Buys
Aside from the 3rd Richard Castle book, Heat Rises, all I got is stuff for Kung Fu Fridays: Opium and the Kung Fu Master, Golden Swallow, Blood Brothers, True Legend, and The Sword with No Name.
"Accomplishments"
DVDs: The Marvel movie I missed this summer was X-Men First Class, but I did get it on DVD. Like all good prequels, First Class manages to be a good film in its own right, while at the same time giving the other films in the series an added depth. I will be interesting to rewatch X-Men and X2 (or possibly even watch X3 for the first time) with this back story now part of the mix. The idea to set the X-Men in the 60s is so obvious, it's crazy no one had thought of it before. The X-Men ARE, after all, children of the decade. The comic was a product of its time, set against the paranoia of the Cold War, the Fear of the Bomb, and a budding human rights movement. (It's in fact harder to understand how the franchise thrived only much later.) First Class is a very modern production, with a well-juggled cast and memorable action/effects sequences. But it's also given a 60s spin, with groovy splitscreens and credits sequences, and a frankly Bondian spy-adventure-around-the-world feel set against real world events (the Cuban Missile Crisis). If I have one complaint, it's that the cast was so Americanized (Moira and Banshee in particular) when it could have been just as international as the film's locations. Interesting reinventions across the board though. Hoping a sequel would make good use of historical events too (I suggest the Million Man March or the Space Race). My DVD has a single extra, but it's a pretty good making of (22 min.).

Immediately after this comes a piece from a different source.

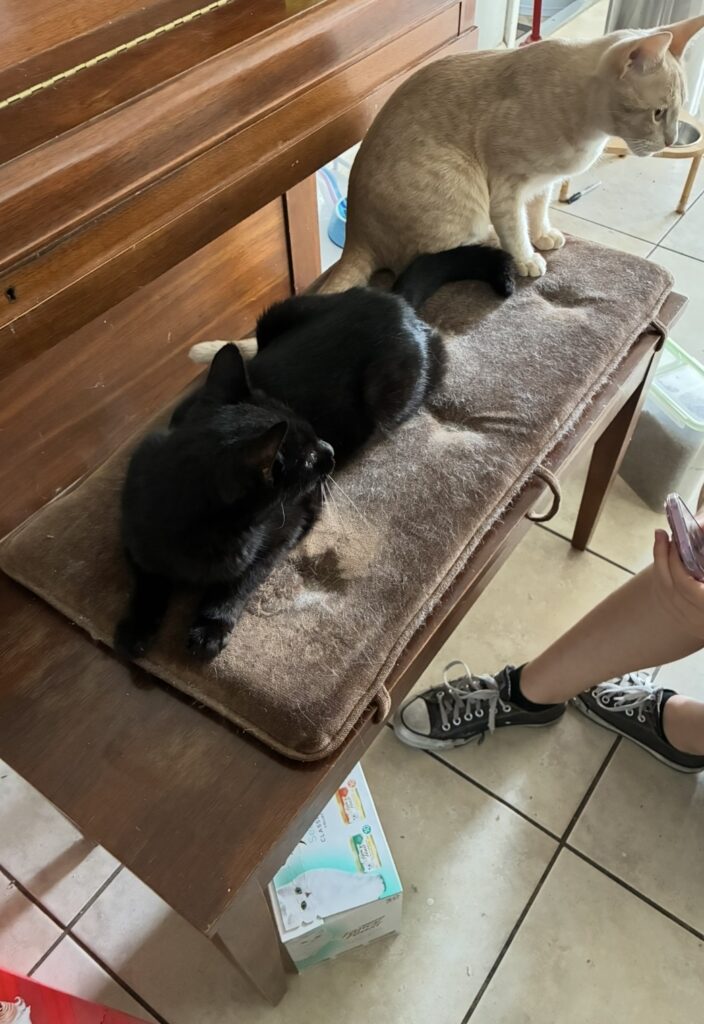 In other news, Charlotte, our black cat, is now ill. YES. It was just weeks ago that we had a scare with Muffin. Luckily Muffin is fine, but it’s come to our attention that Charlotte has lost a LOT of weight. Too much. She needs to see a vet. The problem is, we recently decided to get pet insurance (my husband can get it through his work). It doesn’t kick in for another week, and we’re trying to wait until then to take Charlotte in.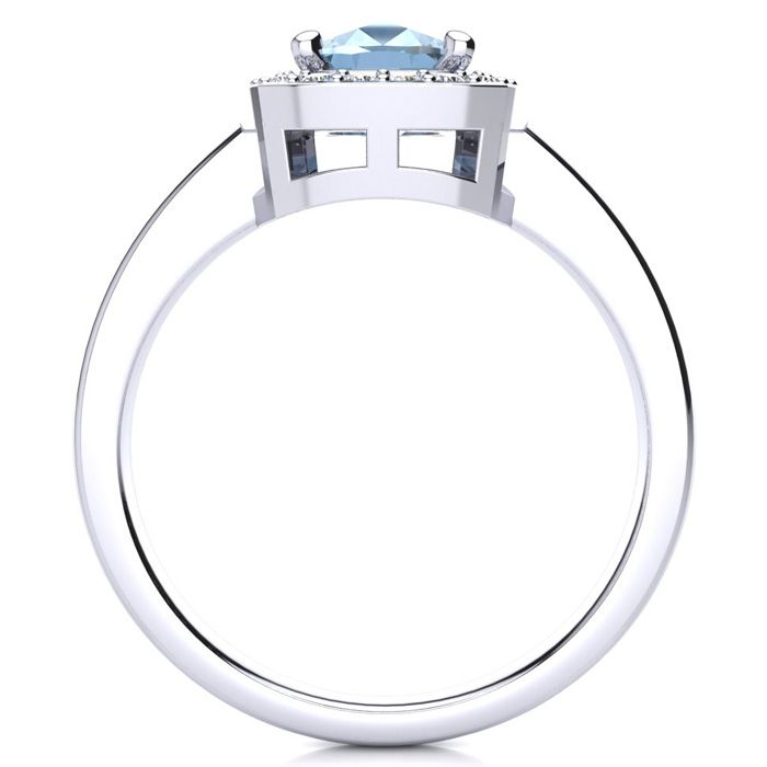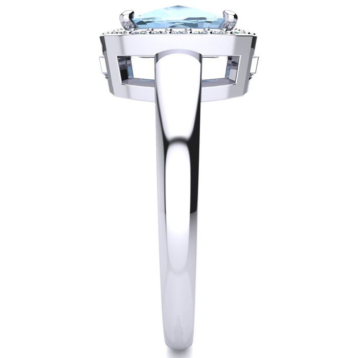 2 1/3 Carat Cushion Cut Aquamarine and Halo Diamond Ring In 14 Karat White Gold

I only saw half of Chuck Season 4 last year before my schedule made it impossible to watch it on its scheduled night. The DVD is coming out in the next couple weeks, so to get ready, I decided to flip Season 3 (which I'd only watched on tv, not on DVD - it's been on the shelf a year!). Season 3 is when everything changes. Not only does the Intersect 2.0 change the premise a little bit (and all the character dynamics with it), but also takes the Chuck-Sarah relationship to a new level (Chuck vs. the Honeymooners may be one of my favorite episodes of the show ever). The addition of super(man)spy Daniel Shaw (Brandon Routh) as ally/antagonist is a brilliant piece of casting and builds into a proper arc. And hey, none of that damn Bryce Larkin all year! The DVD includes good deleted scenes from most episodes, a solid making of piece that talks about the season as well as a visit to ComicCon, a Behind the Music spoof on Jeffster, and a gag reel. Bring on S4!
Futurama volume 5 contains the first half of the series' big return to television (on Comedy Central), another show I stopped watching midway through, not because I didn't like it, but because I have trouble keeping to a television schedule. Granted, the first few episodes are a bit obvious in their satire (the iPhone one, for example), but halfway through the DVD, the season hits its stride with some excellent sci-fi fables, in particular The Late Philip J. Fry (the time travel one), and A Clockwork Origin (the evolution one). Futurama DVDs are always a good value, and this one has highly entertaining commentary tracks on all episodes (with cast and crew), Fry's motion comic (a limited edition given away at ComicCon, so if you want to read it... or have it read for you...), the making of one of the songs, the "previously" bits used by Comedy Central, a live table read over animatics, and deleted scenes too.
Michael Hoffman's 1999 version of Midsummer Night's Dream has some well advertised stars on the cover - Rupert Everett, Clalista Flockhart, Kevin Kline, Michelle Pfeiffer and Stanley Tucci - but I was more chuffed to see a lot of names that have perhaps become more familiar to me since: Christian Bale, Dominic West, David Strathairn and, oh my, Sam Rockwell! It's not a perfect adaptation of Shakespeare's greatest comedy, mostly because the Fairy World is poorly realized. There's a fine effort to throw in mythological elements, but the interior forest set never looks quite right, all gaudy golds and plastic leaves, all a little too theatrical for what they're attempting to do. With that casting, you can well imagine the accents are all over the place, but it only gets distracting when the actors don't really seem to understand the intent of their lines, which I'd say is fairly limited to Flockhart and Sophie Marceau. All is forgiven however - as if by Puck's apology - because the "comedic tragedy" of the play within the play is both genuinely funny and touching. This "hot ice" actually works, with much thanks to performance and staging. The DVD has no extras of note, only its trailer, but its copy and editing are cleverly done.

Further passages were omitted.